(Source data begins)

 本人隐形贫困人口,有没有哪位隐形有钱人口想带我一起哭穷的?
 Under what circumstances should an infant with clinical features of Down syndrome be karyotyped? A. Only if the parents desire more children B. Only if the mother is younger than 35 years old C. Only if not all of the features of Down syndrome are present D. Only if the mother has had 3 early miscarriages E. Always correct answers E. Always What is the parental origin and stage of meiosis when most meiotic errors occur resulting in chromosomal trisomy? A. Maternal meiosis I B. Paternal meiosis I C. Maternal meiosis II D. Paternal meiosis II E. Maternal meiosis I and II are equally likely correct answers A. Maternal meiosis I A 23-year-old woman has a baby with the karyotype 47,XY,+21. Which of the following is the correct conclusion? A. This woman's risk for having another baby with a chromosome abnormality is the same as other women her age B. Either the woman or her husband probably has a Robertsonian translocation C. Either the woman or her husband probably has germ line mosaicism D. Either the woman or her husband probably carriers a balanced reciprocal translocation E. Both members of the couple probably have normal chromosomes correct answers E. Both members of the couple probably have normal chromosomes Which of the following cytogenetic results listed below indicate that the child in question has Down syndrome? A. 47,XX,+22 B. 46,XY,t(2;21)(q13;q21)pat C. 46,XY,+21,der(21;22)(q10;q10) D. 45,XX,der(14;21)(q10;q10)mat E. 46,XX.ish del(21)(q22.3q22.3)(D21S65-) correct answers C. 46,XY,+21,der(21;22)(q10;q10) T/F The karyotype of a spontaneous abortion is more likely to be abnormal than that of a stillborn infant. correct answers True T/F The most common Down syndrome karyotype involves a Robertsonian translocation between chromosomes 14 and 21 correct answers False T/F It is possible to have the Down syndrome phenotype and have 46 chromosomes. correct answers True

(Source data ends)
(Source data begins)

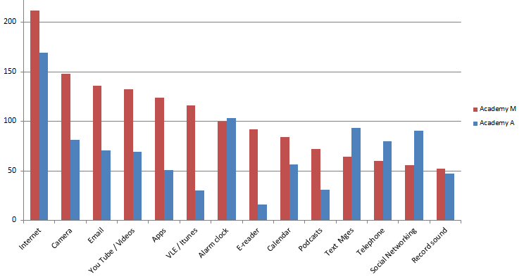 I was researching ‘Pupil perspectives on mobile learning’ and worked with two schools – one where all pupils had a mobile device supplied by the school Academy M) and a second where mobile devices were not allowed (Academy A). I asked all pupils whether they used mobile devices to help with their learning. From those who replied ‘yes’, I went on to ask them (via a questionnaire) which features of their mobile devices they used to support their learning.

(Source data ends)
(Source data begins)

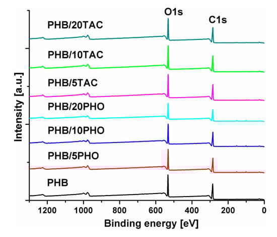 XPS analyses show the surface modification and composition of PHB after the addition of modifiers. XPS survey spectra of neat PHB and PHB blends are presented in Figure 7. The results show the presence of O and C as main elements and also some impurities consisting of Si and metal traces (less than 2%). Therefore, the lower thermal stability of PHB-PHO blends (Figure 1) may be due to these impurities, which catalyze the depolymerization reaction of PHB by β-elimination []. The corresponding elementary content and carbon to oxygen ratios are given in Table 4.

(Source data ends)

• _How to complete this task_: Retype exactly the span of lines from the one with "本人隐形贫困人口,有没有哪位隐形有钱人口想带我一起哭穷的?" through the one with "Under what circumstances"; include both ends and omit the rest of the material.

• _Task solution_:
 本人隐形贫困人口,有没有哪位隐形有钱人口想带我一起哭穷的?
 Under what circumstances should an infant with clinical features of Down syndrome be karyotyped? A. Only if the parents desire more children B. Only if the mother is younger than 35 years old C. Only if not all of the features of Down syndrome are present D. Only if the mother has had 3 early miscarriages E. Always correct answers E. Always What is the parental origin and stage of meiosis when most meiotic errors occur resulting in chromosomal trisomy? A. Maternal meiosis I B. Paternal meiosis I C. Maternal meiosis II D. Paternal meiosis II E. Maternal meiosis I and II are equally likely correct answers A. Maternal meiosis I A 23-year-old woman has a baby with the karyotype 47,XY,+21. Which of the following is the correct conclusion? A. This woman's risk for having another baby with a chromosome abnormality is the same as other women her age B. Either the woman or her husband probably has a Robertsonian translocation C. Either the woman or her husband probably has germ line mosaicism D. Either the woman or her husband probably carriers a balanced reciprocal translocation E. Both members of the couple probably have normal chromosomes correct answers E. Both members of the couple probably have normal chromosomes Which of the following cytogenetic results listed below indicate that the child in question has Down syndrome? A. 47,XX,+22 B. 46,XY,t(2;21)(q13;q21)pat C. 46,XY,+21,der(21;22)(q10;q10) D. 45,XX,der(14;21)(q10;q10)mat E. 46,XX.ish del(21)(q22.3q22.3)(D21S65-) correct answers C. 46,XY,+21,der(21;22)(q10;q10) T/F The karyotype of a spontaneous abortion is more likely to be abnormal than that of a stillborn infant. correct answers True T/F The most common Down syndrome karyotype involves a Robertsonian translocation between chromosomes 14 and 21 correct answers False T/F It is possible to have the Down syndrome phenotype and have 46 chromosomes. correct answers True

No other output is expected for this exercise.